Gli scafisti, i trafficanti di migranti, sono agli sgoccioli- prosegue Salvini - hanno capito che stiamo difendendo i nostri confini, e ora stanno provando gli ultimi colpi di coda, non hanno più business. Ormai gli scafisti caricano quante più persone possono anche su gommoni sgonfi". Il ministro dell’Interno ha poi aggiunto che "in Africa si sta diffondendo la voce che in Italia non si arriva più a gratis".
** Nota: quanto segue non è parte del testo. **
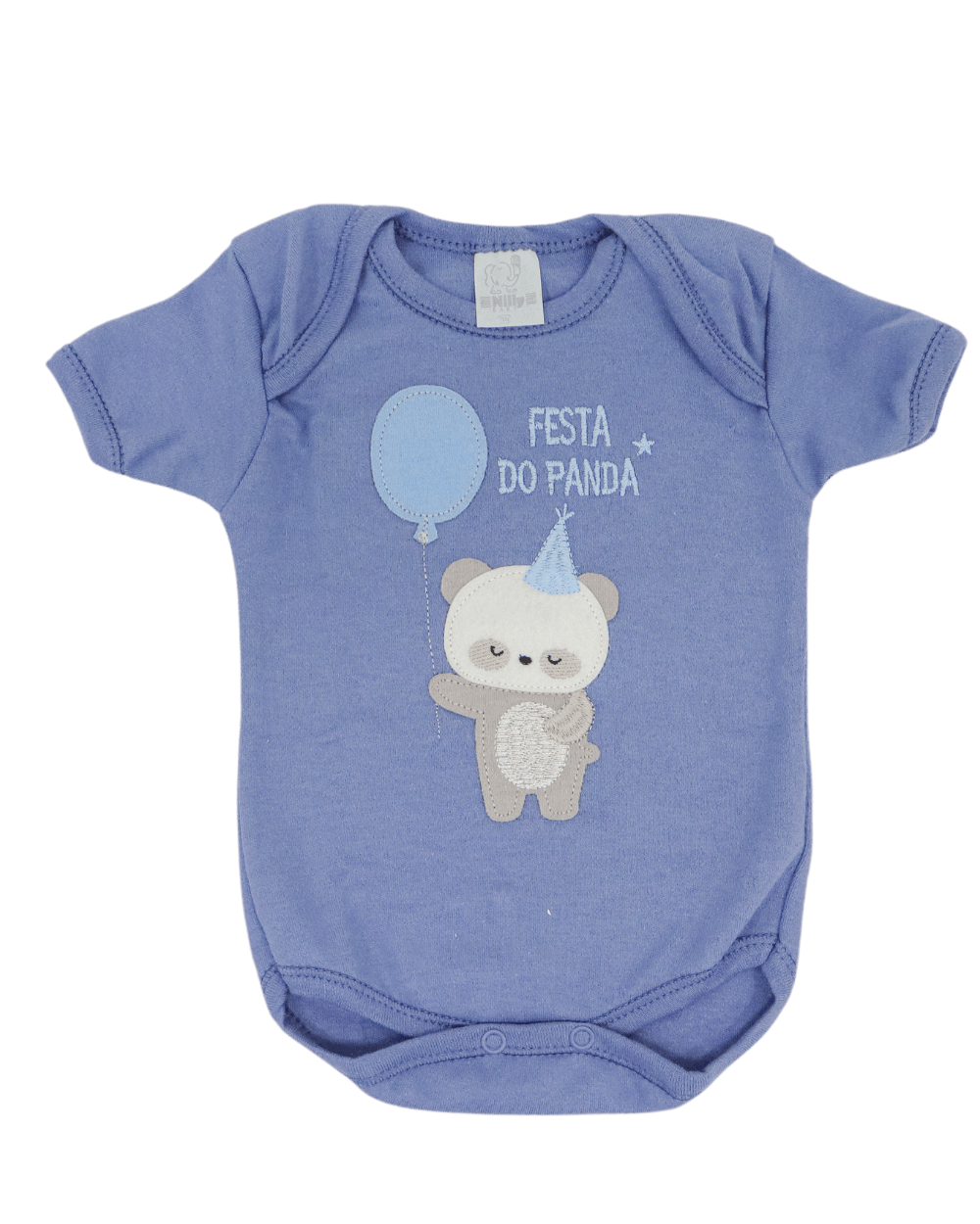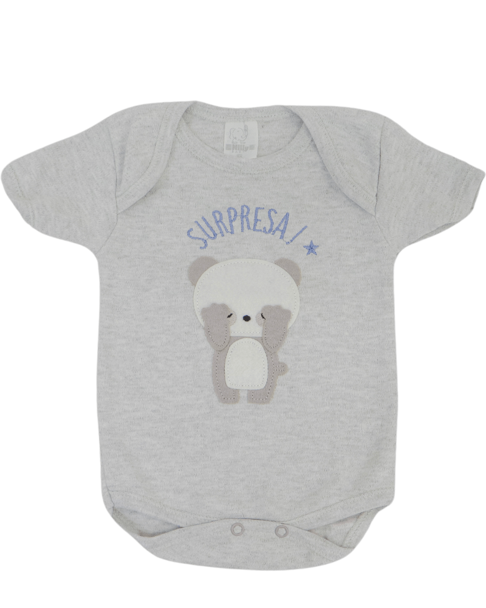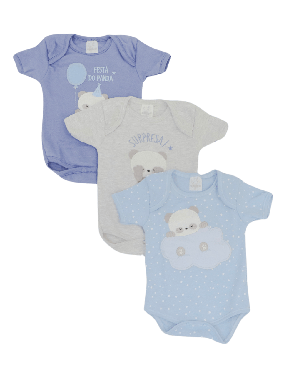 Kit de Body manga curta, Nilly Baby com 3 peças, modelinho em suedine, bordado com fechamento por botões entre as pernas.

"Io preferisco l’antimafia dei fatti, dei tanti sindaci dei paesi dalla Lombardia alla Calabria che vengono intimiditi. La mia prossima missione antimafia sarà in Calabria per consegnare 8 appartamenti sequestrati alla ’ndrangheta che diventeranno commissariati di polizia". Salvini ha poi sfidato l'opposizione: "Lo dico ai fenomeni di sinistra che dicono che la mia linea politica porta all’isolamento: nel pomeriggio sentirò il mio collega austriaco, quello tedesco, risentirò il collega francese, per concordare la lotta a trafficanti di esseri umani, siamo in contatto con tutti. L’Italia torna centrale, non siamo mai stati così centrali ed ascoltati, in un mese abbiamo conquistato onore, orgoglio e rispetto in sede europea. Se tre barconi nell’arco di un mese non sono arrivati in Italia è perché qualcuno in Italia ha alzato la testa ed ha avuto l’orgoglio di dire no. I porti italiani restano sigillati per gli scafisti. Arriva in Italia chi ha diritto di arrivarci, non ci arriva in gommone ma in aereo".
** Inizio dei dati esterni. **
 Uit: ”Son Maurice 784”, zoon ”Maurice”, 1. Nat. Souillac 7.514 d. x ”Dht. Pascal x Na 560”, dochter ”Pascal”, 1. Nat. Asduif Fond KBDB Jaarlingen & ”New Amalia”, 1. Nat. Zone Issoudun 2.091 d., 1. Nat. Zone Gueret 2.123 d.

Per il ministro dell’Interno "sono soldi spesi mali quelli dati agli scafisti e ai mafiosi. Con me l’immigrazione smette di essere un affare, lo dico ai finti albergatori e imprenditori che hanno fatto milioni di euro sulla pelle dei disgraziati, è finita la pacchia. l’Italia è l’ultimo Paese dove arrivarci". E ancora: "Cari bastardi mafiosi è finita la pacchia anche per voi. Spero che ci siano giudici duri giusti e severi condannando le persone che lo meritano, ringrazio le forze dell’ordine». Salvini nel corso della diretta fb, mostrando il panorama intorno a lui, le campagne e le colline senesi, ha poi puntato sulla piscina alle sue spalle: «Che bello sarebbe fare il bagno nella piscina del boss, alla faccia del boss: qua ci devono venire i bimbi". E il bagno in piscina il leader della Lega e ministro dell’Interno lo fa veramente.
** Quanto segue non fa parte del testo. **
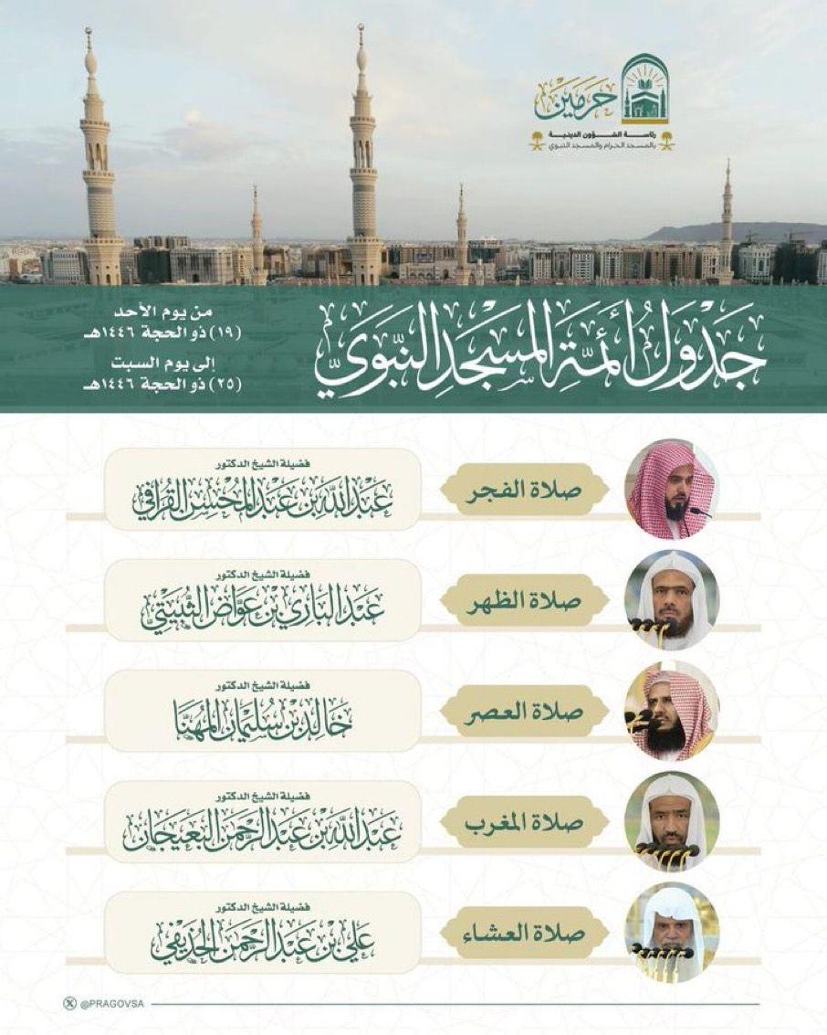 عام > الشؤون الدينية تُوضح جدول الأئمة في الحرمين الشريفين للفترة من 19 إلى 25 ذو الحجة > 5d36c9d6-0c0e-4d6d-8185-d7defb93e6b6

Salvini rivolge poi un cenno anche all’informazione: "Occhio al bavaglio su Facebook, vogliono che torniate ad informarvi solo dalle radio, dalle tv e dai giornaloni,

del tipo alla Repubblica, anzi un bacione alla Repubblica e all’Espresso". Infine: "Idioti, mafiosi e scafisti: il mio sorriso l’allargate, guerra senza quartiere, guerra dei buoni contro i cattivi e terroristi".